### WHAT IS REQUIRED
Wherever the word "both" appears in the entries, copy the whole line.

### INFORMATION SUPPLIED
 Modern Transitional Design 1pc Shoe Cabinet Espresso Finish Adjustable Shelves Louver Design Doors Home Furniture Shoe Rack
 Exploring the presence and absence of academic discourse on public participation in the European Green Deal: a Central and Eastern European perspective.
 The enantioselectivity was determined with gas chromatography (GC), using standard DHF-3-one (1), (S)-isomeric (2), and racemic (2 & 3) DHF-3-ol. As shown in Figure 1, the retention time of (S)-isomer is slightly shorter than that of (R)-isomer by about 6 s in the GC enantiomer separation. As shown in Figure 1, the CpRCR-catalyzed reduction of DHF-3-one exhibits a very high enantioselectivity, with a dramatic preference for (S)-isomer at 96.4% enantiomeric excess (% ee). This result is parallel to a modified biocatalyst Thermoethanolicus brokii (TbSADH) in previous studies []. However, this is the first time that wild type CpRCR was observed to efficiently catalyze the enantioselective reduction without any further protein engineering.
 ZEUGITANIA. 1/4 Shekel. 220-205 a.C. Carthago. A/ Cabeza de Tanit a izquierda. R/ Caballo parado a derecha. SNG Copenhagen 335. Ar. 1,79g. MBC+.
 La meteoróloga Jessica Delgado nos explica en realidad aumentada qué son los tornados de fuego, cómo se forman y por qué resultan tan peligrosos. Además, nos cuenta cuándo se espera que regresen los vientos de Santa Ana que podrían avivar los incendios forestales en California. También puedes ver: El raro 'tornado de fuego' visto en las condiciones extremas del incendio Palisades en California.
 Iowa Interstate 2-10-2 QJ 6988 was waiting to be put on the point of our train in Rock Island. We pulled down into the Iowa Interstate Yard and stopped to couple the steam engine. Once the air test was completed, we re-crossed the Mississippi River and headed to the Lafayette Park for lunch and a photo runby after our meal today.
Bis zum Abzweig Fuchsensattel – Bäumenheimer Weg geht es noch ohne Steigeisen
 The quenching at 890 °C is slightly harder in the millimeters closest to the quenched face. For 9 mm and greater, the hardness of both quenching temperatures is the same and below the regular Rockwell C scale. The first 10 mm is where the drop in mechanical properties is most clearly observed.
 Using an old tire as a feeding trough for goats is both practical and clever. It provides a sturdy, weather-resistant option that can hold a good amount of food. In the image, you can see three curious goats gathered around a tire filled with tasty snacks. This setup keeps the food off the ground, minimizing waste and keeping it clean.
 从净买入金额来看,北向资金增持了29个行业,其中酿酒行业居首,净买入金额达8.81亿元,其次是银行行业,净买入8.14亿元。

...

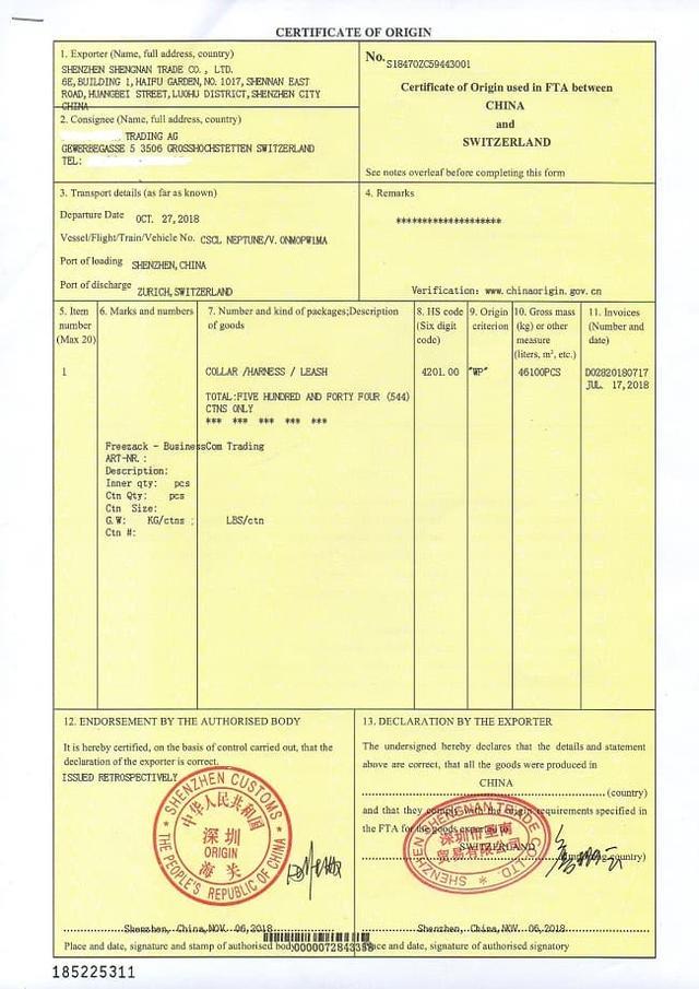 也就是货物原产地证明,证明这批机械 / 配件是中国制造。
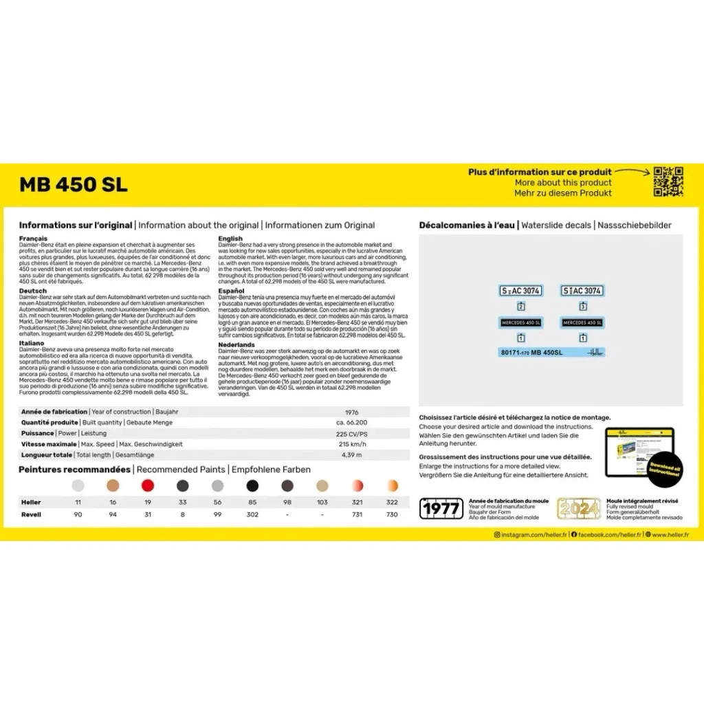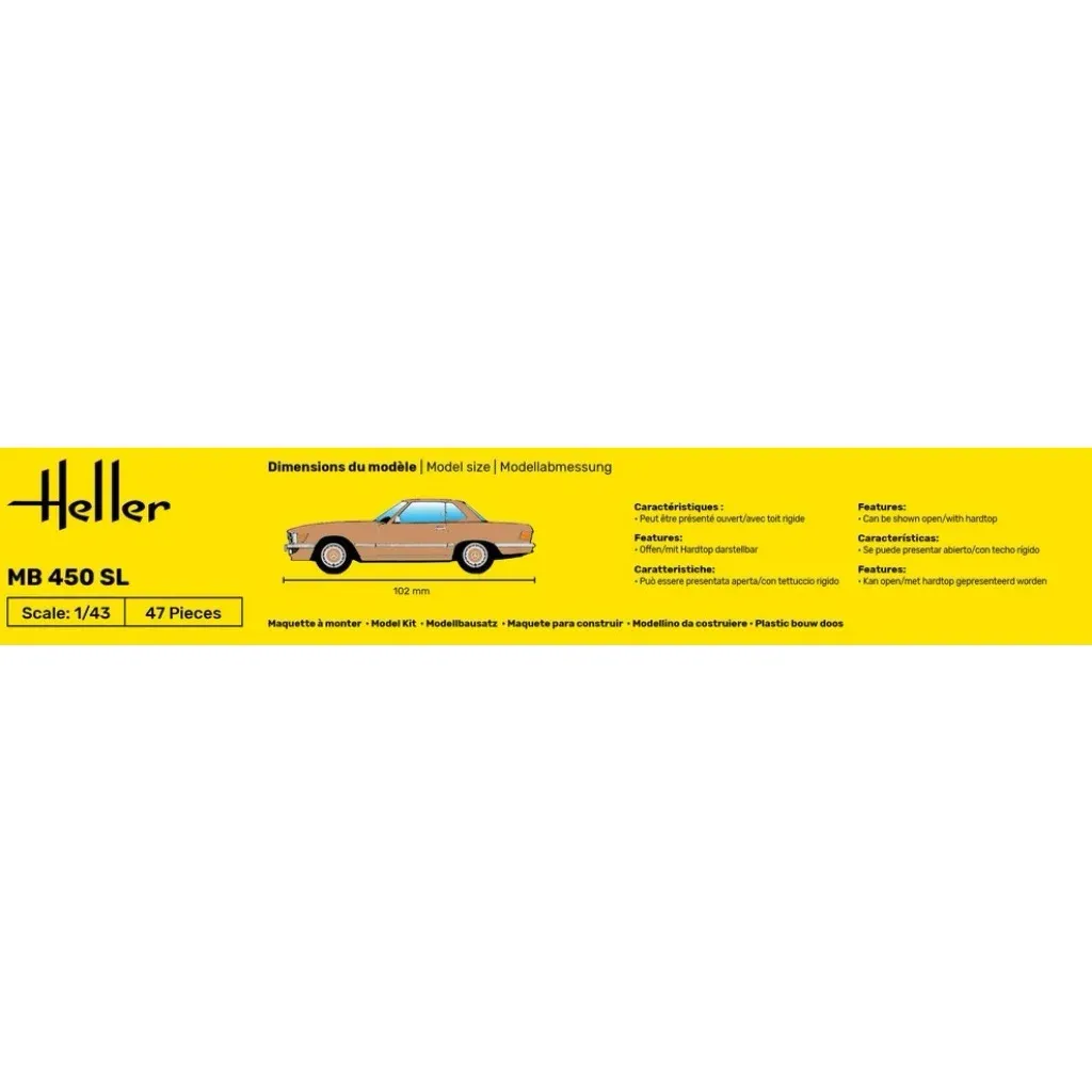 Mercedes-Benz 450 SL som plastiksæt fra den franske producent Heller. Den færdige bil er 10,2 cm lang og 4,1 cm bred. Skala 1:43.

---

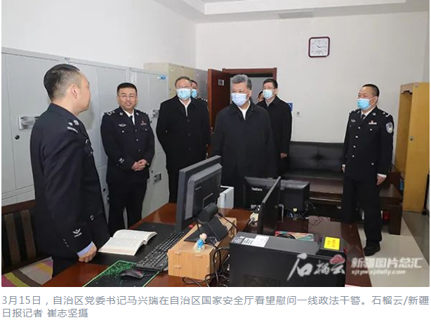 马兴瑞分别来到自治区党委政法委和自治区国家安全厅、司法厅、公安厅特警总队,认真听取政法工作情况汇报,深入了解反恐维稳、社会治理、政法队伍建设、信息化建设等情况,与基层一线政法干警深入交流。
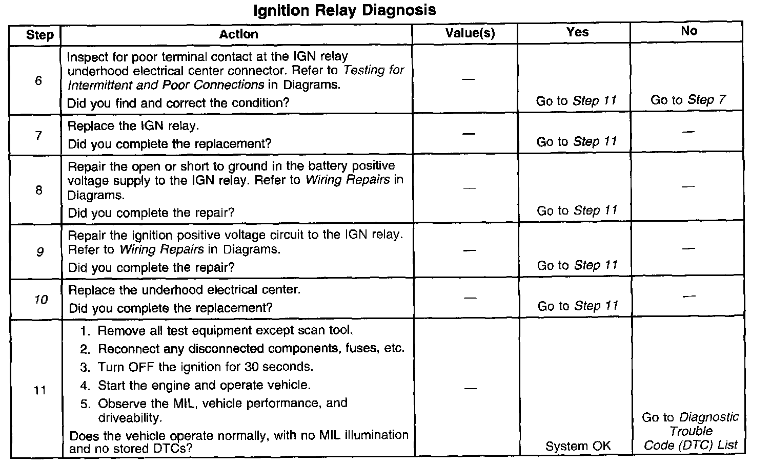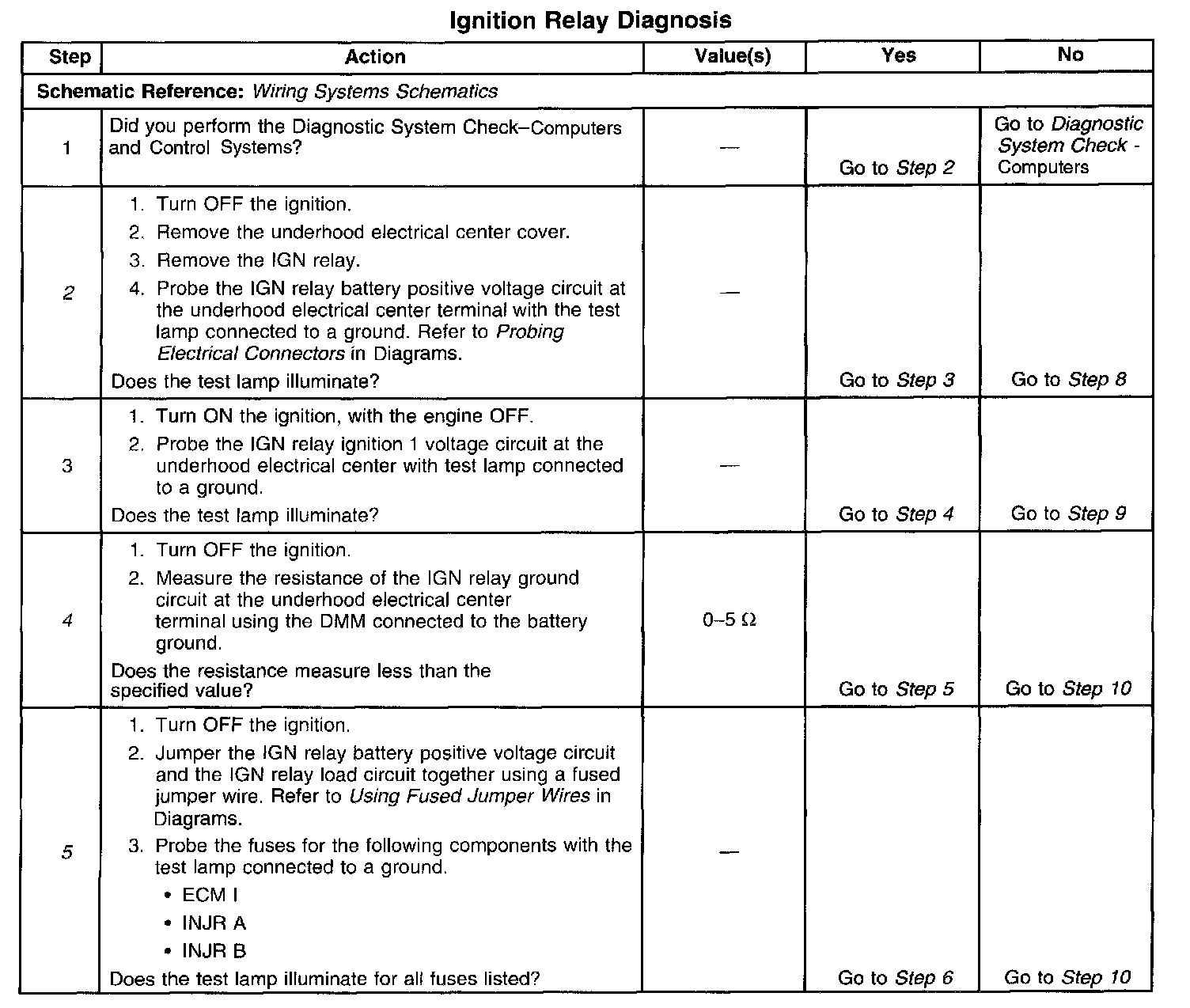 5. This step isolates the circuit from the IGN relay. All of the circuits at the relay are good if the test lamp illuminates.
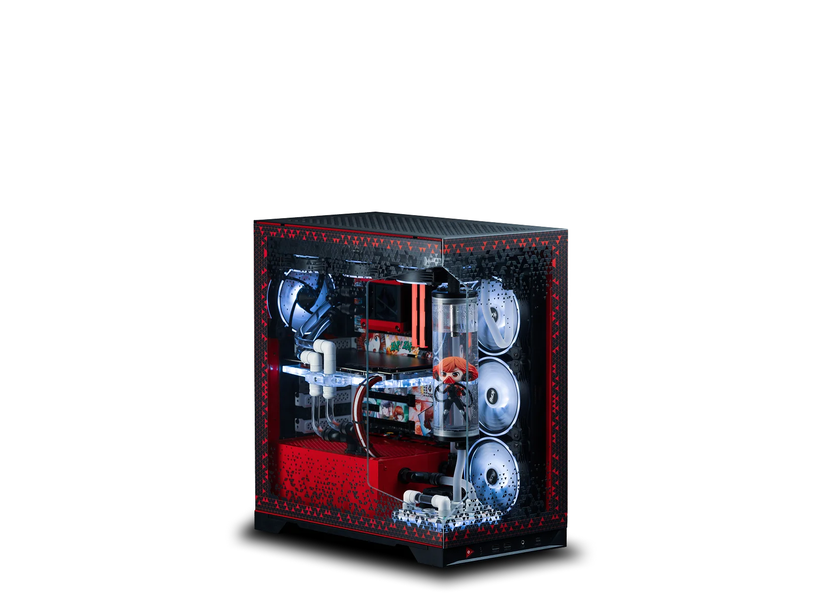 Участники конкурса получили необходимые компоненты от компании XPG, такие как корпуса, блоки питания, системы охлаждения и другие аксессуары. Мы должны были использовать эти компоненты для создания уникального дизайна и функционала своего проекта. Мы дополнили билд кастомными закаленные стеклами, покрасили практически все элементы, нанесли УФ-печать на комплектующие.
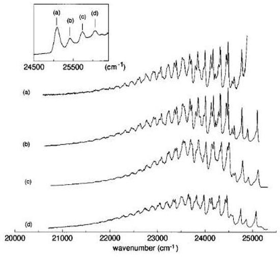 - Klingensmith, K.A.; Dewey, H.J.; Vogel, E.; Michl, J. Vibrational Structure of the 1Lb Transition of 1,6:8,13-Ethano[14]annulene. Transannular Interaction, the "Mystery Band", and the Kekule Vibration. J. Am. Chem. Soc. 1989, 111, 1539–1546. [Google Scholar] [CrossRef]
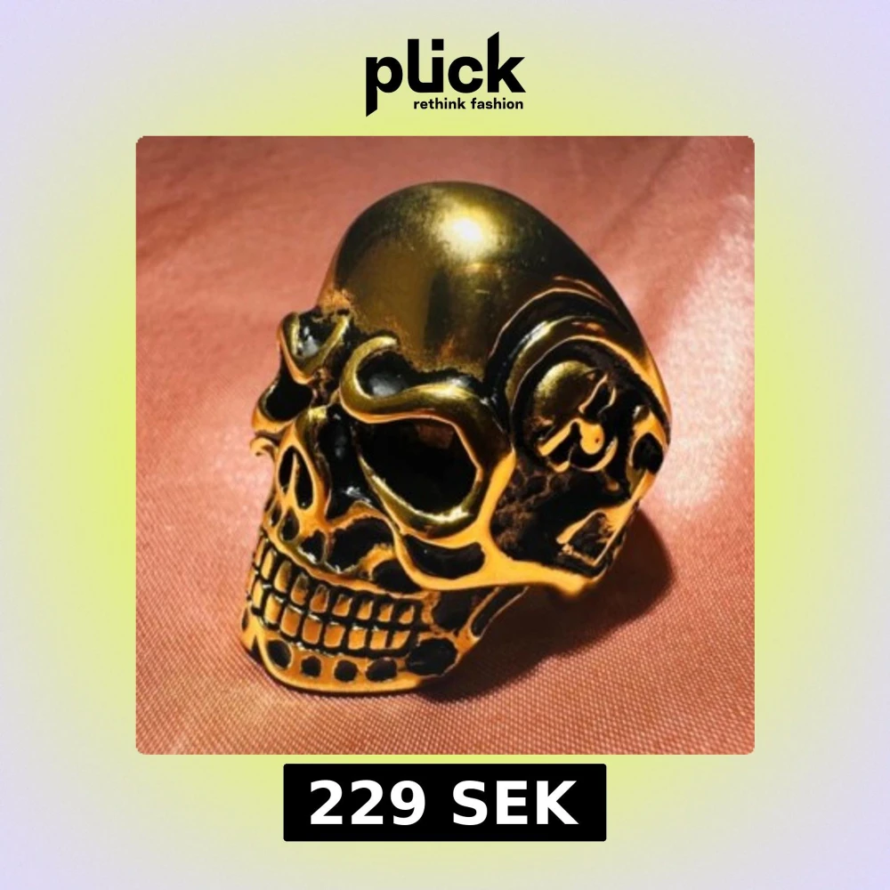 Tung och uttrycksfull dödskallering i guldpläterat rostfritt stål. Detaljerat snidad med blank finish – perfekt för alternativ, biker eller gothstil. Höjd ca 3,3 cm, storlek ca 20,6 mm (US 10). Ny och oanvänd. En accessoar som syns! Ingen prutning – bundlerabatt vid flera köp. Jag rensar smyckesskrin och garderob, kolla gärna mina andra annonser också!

### OUTPUT OF THE TASK
 The quenching at 890 °C is slightly harder in the millimeters closest to the quenched face. For 9 mm and greater, the hardness of both quenching temperatures is the same and below the regular Rockwell C scale. The first 10 mm is where the drop in mechanical properties is most clearly observed.
 Using an old tire as a feeding trough for goats is both practical and clever. It provides a sturdy, weather-resistant option that can hold a good amount of food. In the image, you can see three curious goats gathered around a tire filled with tasty snacks. This setup keeps the food off the ground, minimizing waste and keeping it clean.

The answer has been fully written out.